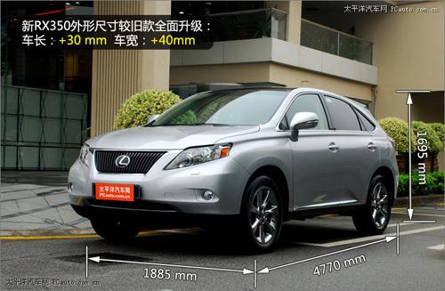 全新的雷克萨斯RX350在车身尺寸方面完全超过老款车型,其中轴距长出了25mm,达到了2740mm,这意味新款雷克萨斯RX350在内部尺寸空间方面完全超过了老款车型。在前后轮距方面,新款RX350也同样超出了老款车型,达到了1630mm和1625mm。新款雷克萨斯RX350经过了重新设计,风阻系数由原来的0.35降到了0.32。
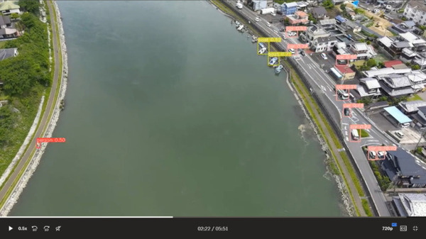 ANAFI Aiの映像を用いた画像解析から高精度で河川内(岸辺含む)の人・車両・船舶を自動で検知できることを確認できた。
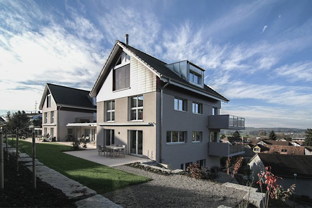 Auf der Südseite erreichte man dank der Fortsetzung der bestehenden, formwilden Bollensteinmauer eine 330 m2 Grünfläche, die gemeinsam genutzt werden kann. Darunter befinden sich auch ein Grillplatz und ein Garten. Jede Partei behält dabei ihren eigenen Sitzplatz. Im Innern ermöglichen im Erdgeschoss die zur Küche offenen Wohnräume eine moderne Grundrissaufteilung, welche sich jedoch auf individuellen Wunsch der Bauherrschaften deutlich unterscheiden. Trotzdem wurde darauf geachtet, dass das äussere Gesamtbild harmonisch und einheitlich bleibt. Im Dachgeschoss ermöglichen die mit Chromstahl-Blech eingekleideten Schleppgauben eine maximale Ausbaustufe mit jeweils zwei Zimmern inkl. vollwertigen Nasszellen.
· · · ·
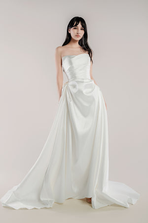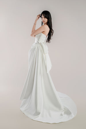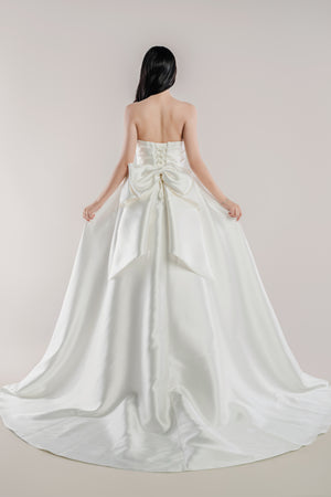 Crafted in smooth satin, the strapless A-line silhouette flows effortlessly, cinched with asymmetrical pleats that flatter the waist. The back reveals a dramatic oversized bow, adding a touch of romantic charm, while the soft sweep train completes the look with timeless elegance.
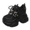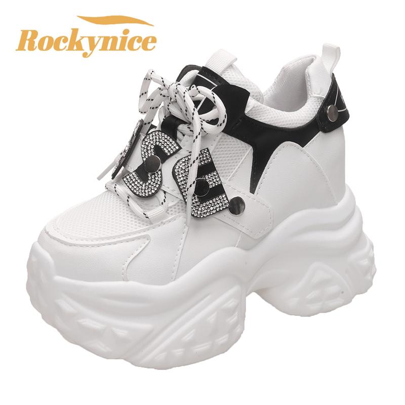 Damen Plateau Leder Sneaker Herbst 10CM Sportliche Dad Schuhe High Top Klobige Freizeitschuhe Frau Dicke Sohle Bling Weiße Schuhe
· · · ·
Task to complete =
Your answer must be everything above from the line with "全新的雷克萨斯RX350在车" down to the line with "ANAFI Aiの映像を用い", word for word, and no pictures.

Reply =
 全新的雷克萨斯RX350在车身尺寸方面完全超过老款车型,其中轴距长出了25mm,达到了2740mm,这意味新款雷克萨斯RX350在内部尺寸空间方面完全超过了老款车型。在前后轮距方面,新款RX350也同样超出了老款车型,达到了1630mm和1625mm。新款雷克萨斯RX350经过了重新设计,风阻系数由原来的0.35降到了0.32。
 ANAFI Aiの映像を用いた画像解析から高精度で河川内(岸辺含む)の人・車両・船舶を自動で検知できることを確認できた。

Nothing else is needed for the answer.